Oct 15th day four
Its actually 6am I haven’t been to sleep yet so still like third day to me but seems so long. I had decided to go a month without bothering her once unless she talks to me first and it seems so unattainable to be without her contact for a month. Im 1/10 there and it feels like its been a decade. I miss her.
Emily has been texting me some usually I ignore her but I decided to try talking since im pretty friendless now. She’s such a fucking moron. She still so into keith and hes such a dick I don’t get it how her and brittny and anyone is attracted to him. I know brittny was seeing him some but not sure friends, fucking, or what and interestingly enough Emily was with keith tonight. I wonder if they each know the other is around him. She said he owed her money. Maybe she wasn’t lying when she said he fucked her. She tried to get me to come over to her place, promised good things. I passed. Because of brittny I’d feel shitty doing it (though she has no problem with keith) but also for myself. I don’t like or respect Emily I think she’s unintelligent and childish and that’s not appealing.
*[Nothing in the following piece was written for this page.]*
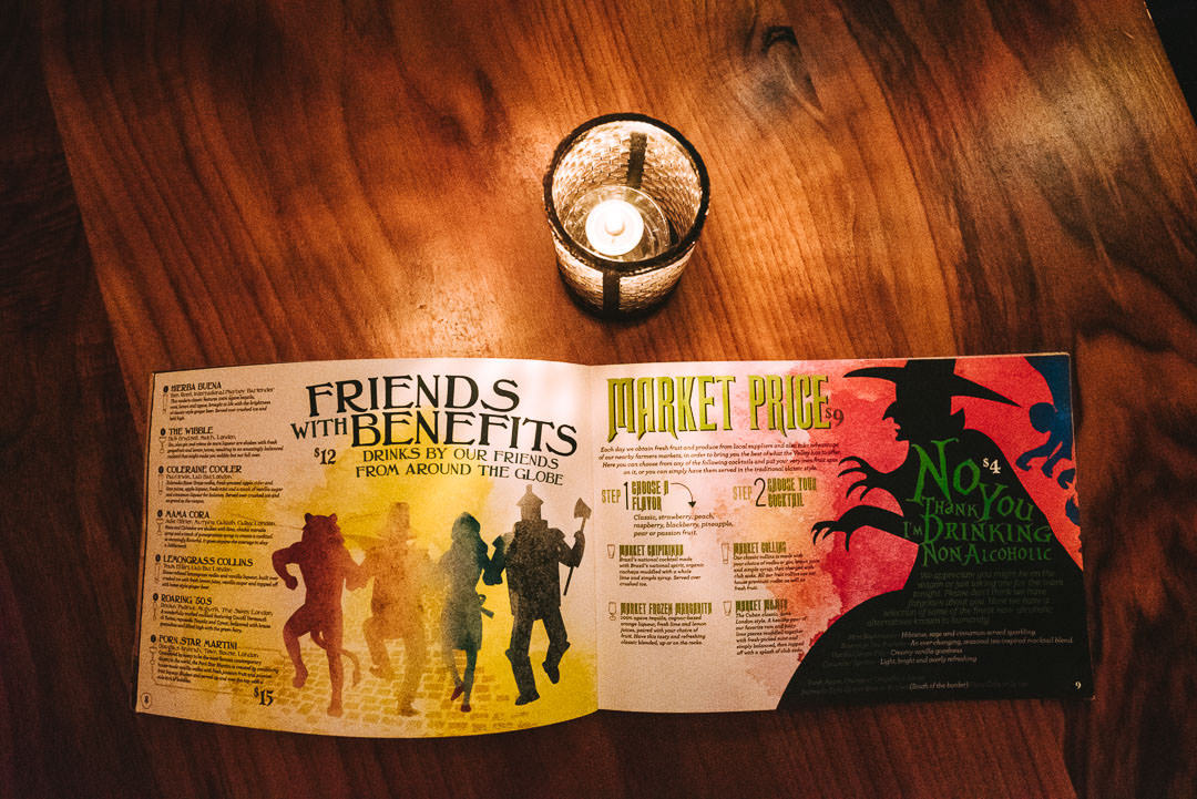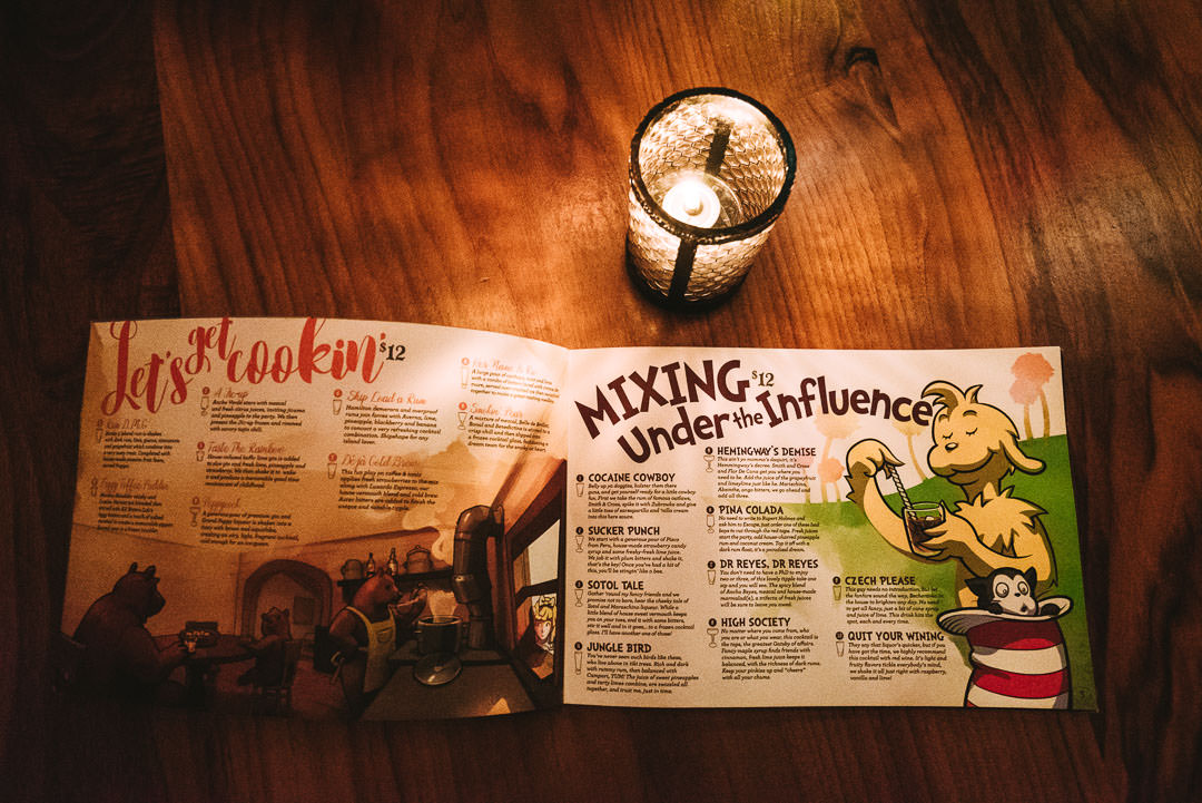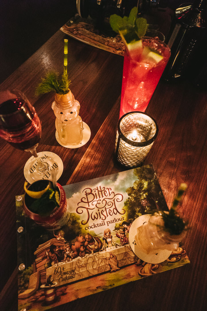 Speaking of menus, the menus themselves are works of art. Each is carefully illustrated and cleverly titled. While we were there, the theme was fairy tales. Every page was mesmerizing! You can see a few pages below. In an ironic twist, Bitter & Twisted is actually located inside the former Arizona Prohibition Headquarters. We didn’t eat there, but apparently they have a great food menu as well.

Im finding less to write about, there’s nothing “new” with brittny and that’s what this journaling was for to help me realize my mistakes, how to fix them and how to make my happily ever after come true. Im scared she will slip out of my mind so far I cant get her back. Even more so since she loves me less im scared I’ll be so far gone from her it wont even matter. If that happens though I guess it shows we weren’t meant to be. If we are meant to be together we wont slip that far and however far we do slip will be repairable. If we were to be together we’d have to start over, fresh. So maybe some slipage is good so we can begin new grounds.
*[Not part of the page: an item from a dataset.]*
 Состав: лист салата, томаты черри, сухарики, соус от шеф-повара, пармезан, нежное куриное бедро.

I woke up really missing her so badly I almost cried. How long do I really have to wait before I can talk to her? Is it really a month? That’s so long, It must not have to be that long.
My away message said “…I still miss you.” And she actually replied and said she missed me too. I want to talk I want to just talk so badly but I don’t think im supposed to. I want to be able to say this was all such a big mistake and I want her back so badly but I don’t think it will mean much. I feel like I just slipped into a dream and it’s a nightmare and I need to jar myself awake. I’m trying so hard and if I keep busy enough sometimes for a few minutes I don’t think about it but it doesn’t last. I want to wake up from the dream and hold brittny. Its not even the physical attraction I miss most its not companionship. I want her so badly.
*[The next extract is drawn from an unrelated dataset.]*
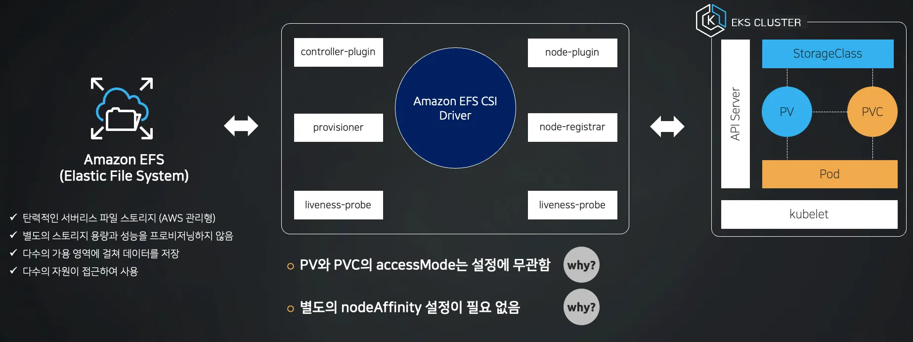 : Amazon EFS(Elastic File System)를 쿠버네티스 클러스터에서 사용할 수 있도록 지원하는 CSI 드라이버입니다.

If I let myself think too long I get some angry at myself. She’s one of a kind that I might have ruined because I didn’t take the time to look objectively at us and myself. The issues we had they could have been fixed anytime if I’d taken the time to see the problems they cause, If I’d taken the time to understand their repercussions and their harmful ways. I never meant to hurt brittny, I honestly love her like no other.
She imed me right before leaving for work incase I replied I think, so I was right she doesn’t want me to reply. I’m glad I didn’t. I made her do things my way and my way only for so long, its only fair I try to do this her way. I dont know her mindset at all I don’t know if she is even open to feeling like we DO belong together again, it may not even be a thought in her head. I cant assume her thoughts though I can only go with mine and hope for the best from her.
I’ve walked away from a lot of people in my life and had a lot of people walk away from me. It’s not unfamiliar. And this is not like the others. Not to take away from anyone in my life, I’ve had some great people but I didn’t have as much trouble with mandah OR minah as this and they were both very important in their days. I hope brittny doesn’t just close the door and never look back. I’m going to be in the doorway waiting for her if she will look at me.